Tragédia é acidente. O que se viu foi escolha. Foi ação. Foi a travessia consciente do limite mais básico da humanidade — a proteção dos próprios filhos. Quando um homem investido de poder público, pai, figura de autoridade, rompe essa fronteira, não há retórica que suavize. Não há justificativa emocional, não há “momento de descontrole” que sustente o insustentável. O que existe é a ruptura absoluta daquilo que se refere como homem e pai.
A cidade acordou não apenas com a notícia de um crime, mas com o colapso simbólico de uma figura que ocupava posição de comando. O roteiro é conhecido: discurso firme, postura de liderança, imagem pública construída sobre autoridade. Nos bastidores, porém, a incapacidade de lidar com frustração. Quando o verniz da autoridade racha, o que aparece não é força — é descontrole.
E há ainda outro ponto que precisa ser dito, sem hipocrisia e sem distorções: a esposa. Sim, houve traição. Sim, houve ruptura conjugal. Mas infidelidade não é sentença de morte. Erro moral não é autorização para violência. Traição é questão íntima; violência é crime. Misturar as duas coisas é repetir uma lógica perversa que historicamente tenta justificar o injustificável.
A mulher, independentemente de suas falhas no campo afetivo, é vítima. Vítima de uma cultura que ainda naturaliza a ideia de que o homem traído precisa “lavar a honra”. Vítima de uma mentalidade que transforma frustração em revanche e ego ferido em agressão. Nenhuma escolha pessoal, nenhum erro conjugal, legitima a perda do controle, muito menos a violência contra quem deveria ser protegido.

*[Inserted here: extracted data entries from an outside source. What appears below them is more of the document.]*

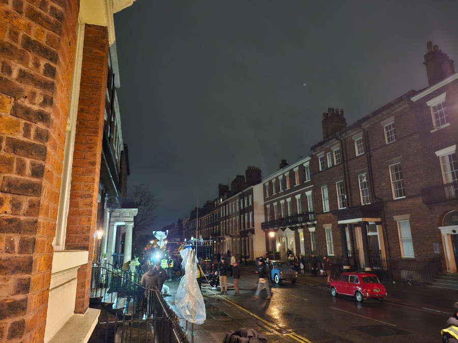 P.S. I was back in Liverpool a few days later and walked by Rodney Street again to take a look at the house they’d used for filming. Interestingly on the night of filming the door appeared black, but in reality it’s green. It’s the same house number – 27 – so it could have been a trick of the light but it’s more likely that it was painted for the filming then returned to its original colour.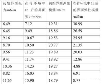 界面張力和界面模量的測定:采用界面張力儀測量儀測量油水界面的界面張力和界面模量。使用蠕動泵對水相液體進行更換,依次為不同樣品的水溶液、口腔消化液、胃消化液、小腸消化液。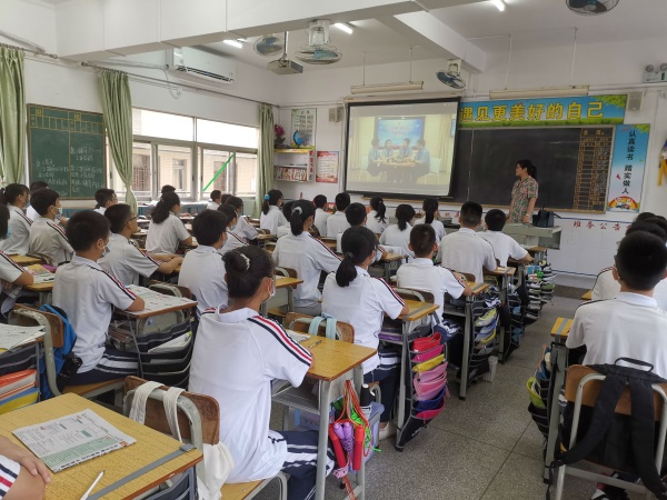 当天下午4点10分,班主任带领各班同学就座课室观看线上网络直播,直播开始,全体检察人员齐唱“我和我的祖国”吸引了同学们的眼球,同学们线上走进了检查机关,观看了院史馆、12309检察服务中心、未成年人刑事检察办案区(多功能心理咨询室、询问室、谈话室等)。接着参与了线上线下的互动环节。检察官与中学师生线上交流,然后未成年人检察官以“防性侵”和“校园欺凌”为主题,传播法律知识,走进学生们的内心,守护学生们健康成长。
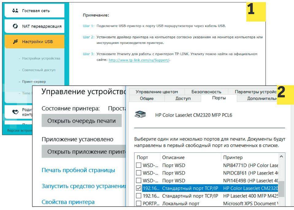 Для открытия доступа к принтеру из домашней сети подключите его по USB к роутеру (в нашем примере TP-Link Archer C9) (1). Затем в настройках принтера в Windows (2) выберите подключение TCP/IP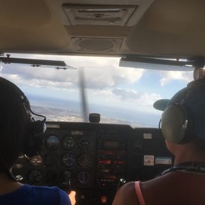 去年の12月は雨でキャンセルになってしまったので今回もお天気が心配でしたが快晴!二人でオアフ島一周できてダイヤモンドヘッドを上から見ることもできて感激!上空から見るオアフ島もステキです!緊張すると思ってたけど解りやすく教えていただけたので楽しめました。送迎も時間どおりで親切でした。今年の12月も再チャレンジしたい!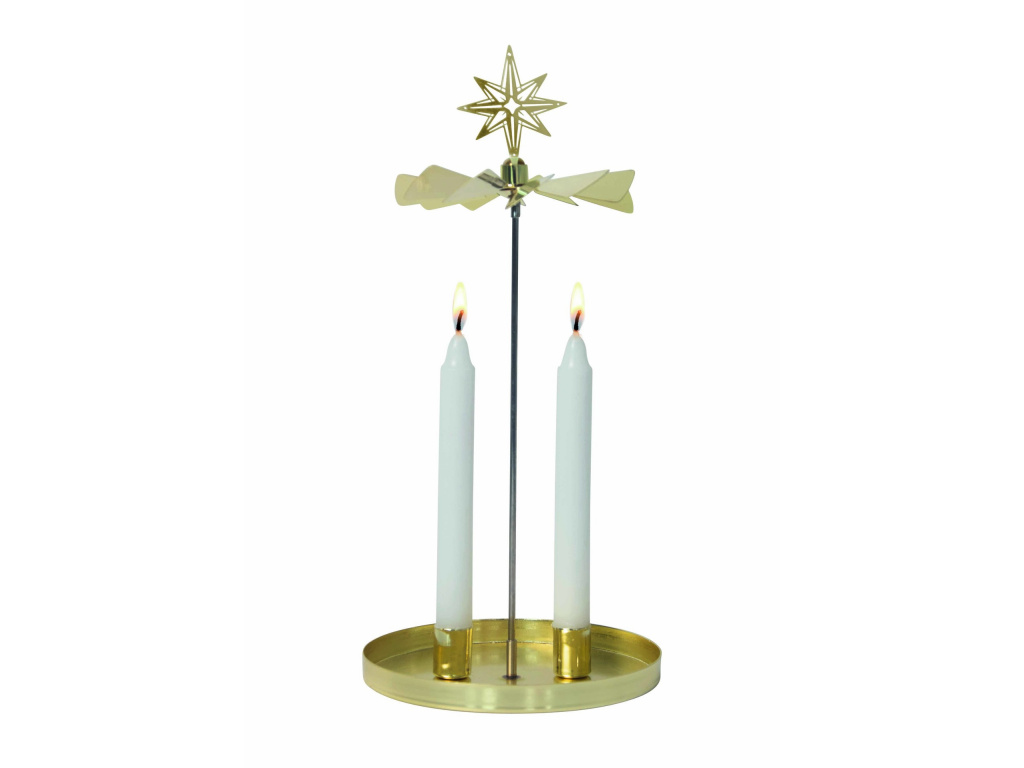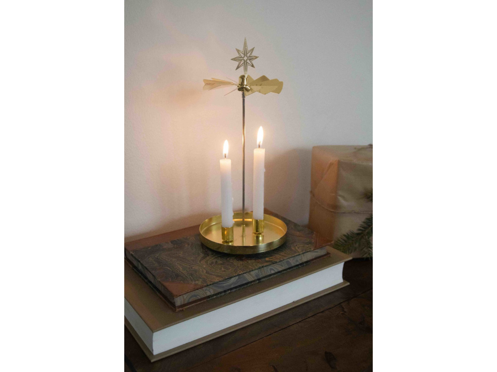 Klasická andělská zvonkohra ze zlatého kovu s malými kostelními svíčkami dodává místnosti magickou atmosféru.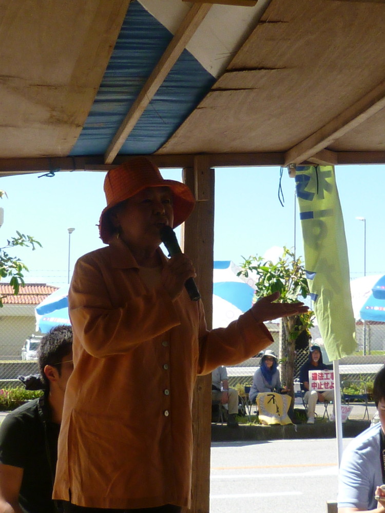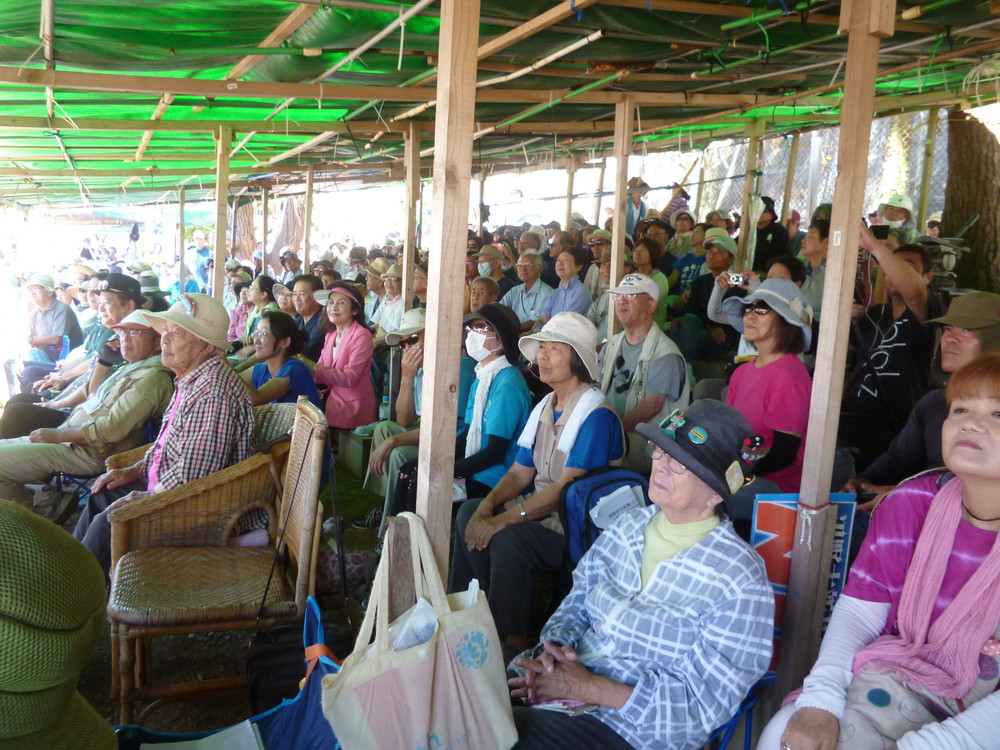 10時から集会が始まり、開会の挨拶に立ったオール沖縄共同代表の高里鈴代さんは「今日のゲート前は、いつもとまるで雰囲気が違いう。笑顔があふれ、たくさんのオーラが集まってきている感じがする」と。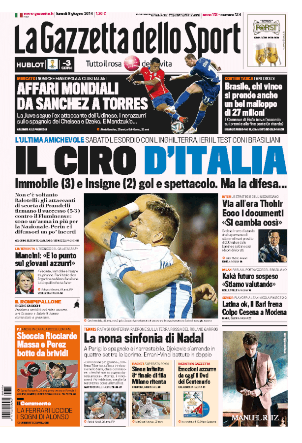GAZZETTA ITALIA – Sulla Gazzetta dello Sport si parla della vittoria dell’Italia per cinque a tre contro il Fluminense con tripletta di Immobile e due gol di Insigne sempre su assist del nuovo bomber del Borussia.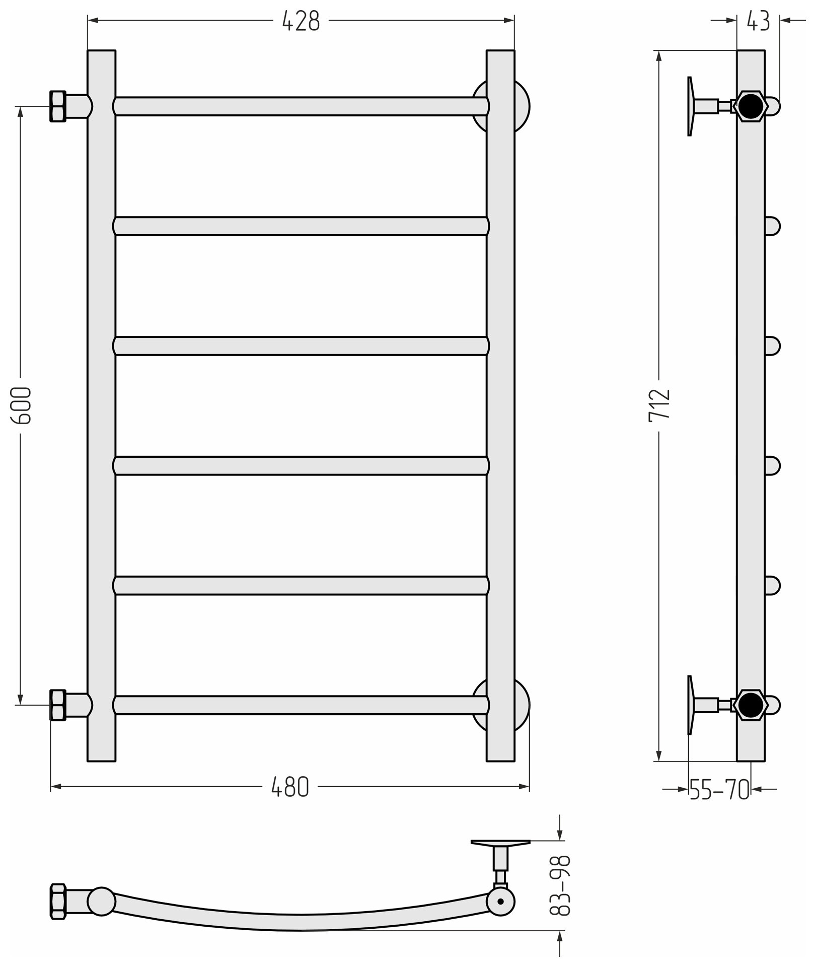 Полотенцесушитель водяной Стилье Версия-КБ 60x50
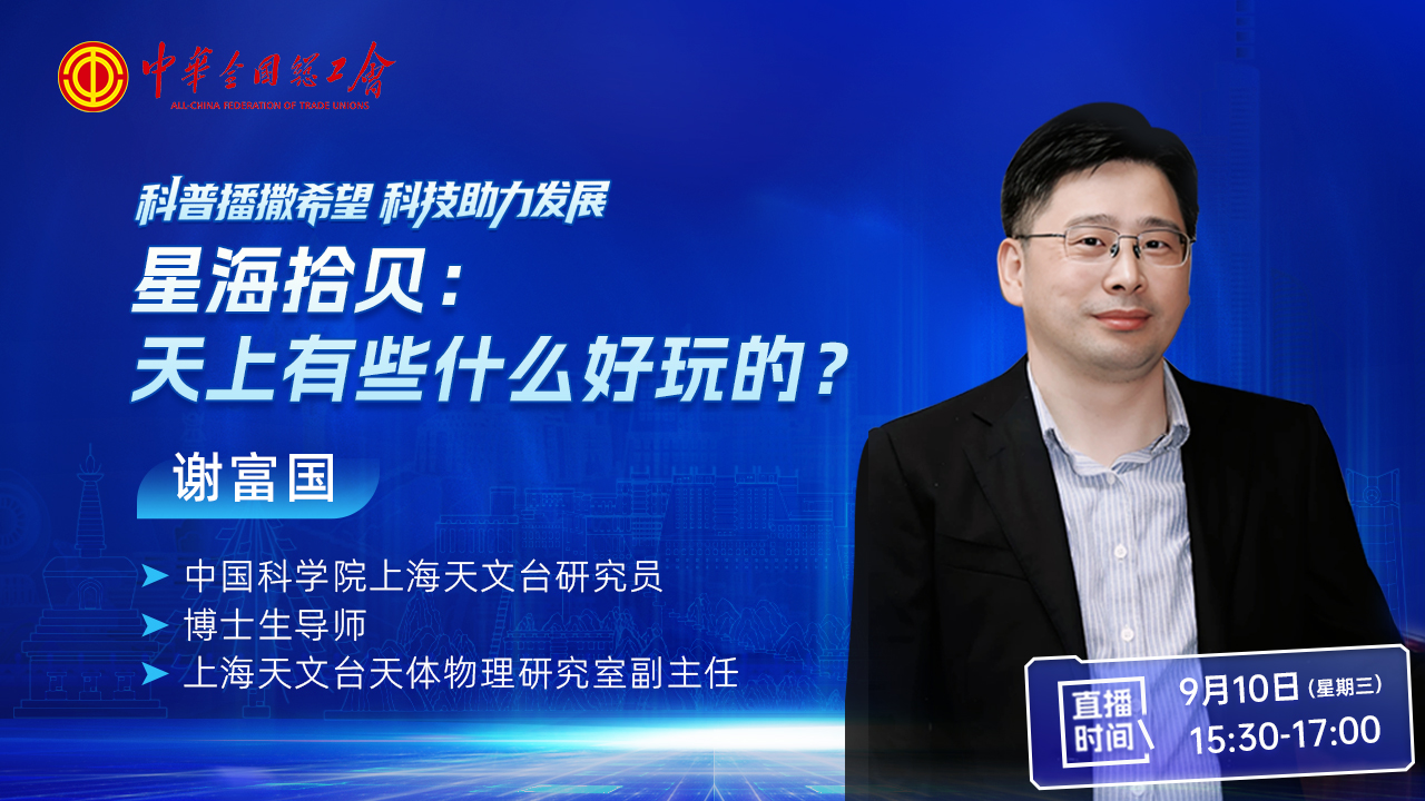 直播回顧|“科普播撒希望 科技助力發展”工會服務職工活動:星海拾貝——天上有些什么好玩的???????為深入貫徹落實黨中央關于對口支援西藏工作的重大決策部署,在助力地區高質量發展和鄉村振興中充分發揮工會組織的橋梁紐帶作用,中國教科文衛體工會、中國科學院工會在西藏自治區林芝市、日喀則市舉辦“科普播撒希望 科技助力發展”工會服務職工活動。6場精彩的科普講座敬請關注!本場科普講座專家——謝富國,中國科學院上海天文臺研究員、博士生導師,上海天文臺天體物理研究室副主任。全人類共享一個星空,遙遠的星空啟迪著人類在哲學、人生等問題上的探索。宇宙里都有哪些神秘而好玩的天體和現象呢?我們首先以青藏高原在天文觀測上的獨特優勢出發,介紹目前中國在冷湖、阿里、拉薩、日喀則等地的中國頂級天文觀測設備。隨后,我們介紹宇宙中的一些重要、有趣的天文現象,如恒星、星系、活動星系以及宇宙的結構等內容,并以初中物理學為基準,簡單介紹其內在物理機制。9月10日(星期三)15:30—17:00中工網首頁、微博、視頻號同步播出。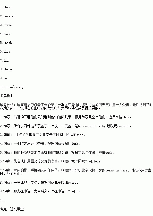 One day a group of friends climbed mountains.The snow went on falling and they could see only a few meters in front of 1. . “We should go back.” Said Judy.She was afraid.“But where is the path? Everything was 2. with snow.The sky was grey.“What’s the 3. ?” asked Paul.Judy looked at her watch.“Nearly 5 o’clock.It will get 4. in an hour. “We must continue walking and hope we find the 5. . I think the snow’s stopping.” said Paul.But it wasn’t stopping.The wind was strong.It 6. around them cold and wet.“Just keep going downhill.” Said Judy.“We can’t go wrong.Then Paul fell on some rocks.He shouted. “Judy! I’ve hurt my leg.” He couldn’t stand up. His leg hurt too much.“I’ll have to phone for help.” said Judy, “I hope the mobile phone works up here!” Luckily, it 7. .They phoned the mountain service.“Don’t move.Stay 8. you are.We are sending a team there.” shouted the man 9. the phone.They were not far from the path. So the team found them 10. .They were lucky! People often get into trouble when they climb mountains.You must always tell someone where you are going and take a mobile phone with you.

É aqui que se impõe uma distinção incômoda, mas necessária: há uma diferença entre ser homem e ser macho. Homem é quem assume responsabilidade, controla impulsos, protege, respeita limites — inclusive os impostos pela frustração.
Macho é quem confunde posse com amor, autoridade com imposição e orgulho ferido com motivo para agressão. Homem constrói. Macho reage. Homem enfrenta a dor sem destruir. Macho tenta provar força quando, na verdade, revela fraqueza.
O episódio escancara algo maior que um indivíduo. Expõe uma estrutura que ainda confunde masculinidade com domínio e controle. Uma construção social que ensina que perder é humilhação, que ser contrariado é ofensa, que ceder é derrota. Quando essa lógica implode, o resultado é devastador.

Não há nota oficial que restaure credibilidade quando quem deveria zelar pelo interesse público falha no compromisso mais elementar da vida privada. Não há cargo que sirva de escudo moral.
O que Itumbiara enfrenta não é apenas o luto. É o reflexo incômodo de uma cultura que ainda tolera sinais de autoritarismo como se fossem traços de liderança. Enquanto continuarmos confundindo agressividade com firmeza e controle com competência, novos casos serão tratados como exceção — quando, na verdade, são sintomas.